Конечно, Батый после плена не ушел восвояси и преследовать нас не прекратил. Уходить от его облав становилось все труднее. Нарчатка как могла отвлекала монголов на себя, но у нее дружина еще слабее нашей, против многих тысяч монголов, уже знавших округу, как круп собственной лошади (я подозревала, что нашлось немало помощничков из тех, кто здесь часто ходил с купеческими обозами). Мы могли бы уйти в земли Пургаза и там укрыться, но это было просто нечестно – заманить на мокшанские земли монголов, а самим смыться. Воевать так воевать.
Оставалась одна крепость, в которой можно было укрыться, – Сырня. Там сильный наемный отряд, но это значило подставить под удар и тех, кто сумел избежать гибели в предыдущий приход Батыевого войска. Как ни кинь – всюду клин. И почему я раньше об этом не подумала?
Ситуация хреновенькая… И обратно на Русь не пробиться, Батый перекрыл все возможности уйти к Рязани. Воительница! Стратег! Тактик! Блин, как же можно было вот так увлечься, чтобы поставить в тяжелое положение столько народа?
Я ругала себя на чем свет стоит, а Вятич не мог понять, чего я схожу с ума. Пришлось объяснять. Сотник все выслушал и поинтересовался:
– Хочешь удрать от Батыя?
– Да не удрать хочу, а сделать так, чтобы люди из-за меня не страдали!
– Это как? Ты где видела, чтобы шла война, а люди не страдали? Настасья, прекрати истерику!
Он впервые назвал меня Настасьей, всегда только Настей. Это что-то значило, только вот что?
– Посмотри вокруг, если бы мокша хотели, они бы нас давно выловили и сдали Батыю, как щенков в корзине. Но нас поддерживают, кормят, поят, лошадей перековывают… И Нарчатка тоже поддерживает.
– И что?! Куда нам теперь деваться, в какие еще земли тащить за собой монголов, чтобы и там разорили? Надо было выходить в степь и биться насмерть там! Вятич, может, еще не поздно? Давай отойдем в степь и примем последний бой, а?
Сотник вдруг проворчал что-то вроде «последний бой я тебе гарантирую скоро», но я в этом не сомневалась и сама. И не потому, что у нас была пайцза Батыя, а потому, что нам двоим с ним на Земле не жить, либо он, либо я. Для меня предпочтительней второе, для него первое.

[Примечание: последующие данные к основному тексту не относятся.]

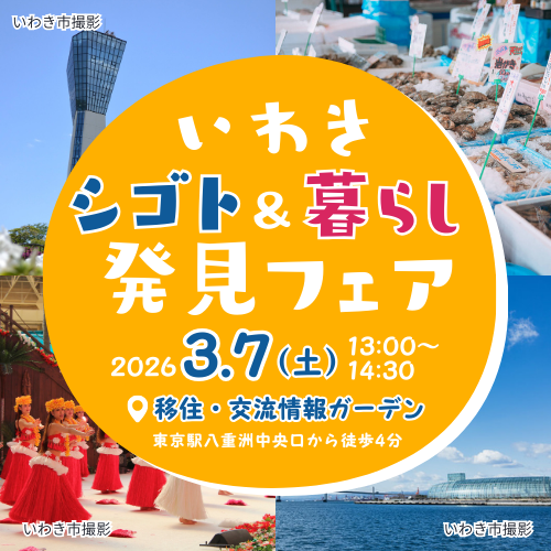 いわきシゴト&暮らし発見フェア|東京開催|3/7(土)|参加無料|服装自由|入退出自由

– Знаешь, о чем я сейчас жалею? Нужно было не тавро ему выжигать, а растерзать, как Тузик грелку, и отправить в его ставку, может, испугались бы и ушли?
– Женщины бы погибли.
– А так не погибнут? Мы же мотаем монголов за собой по мокшанским землям, думаешь, здесь не погибнут.
– Ты о чем жалеешь?
– Только о том, что не убила этого гада!
– Хочешь последний бой?
– Хочу. А еще лучше, если я и он, чтоб кто кого.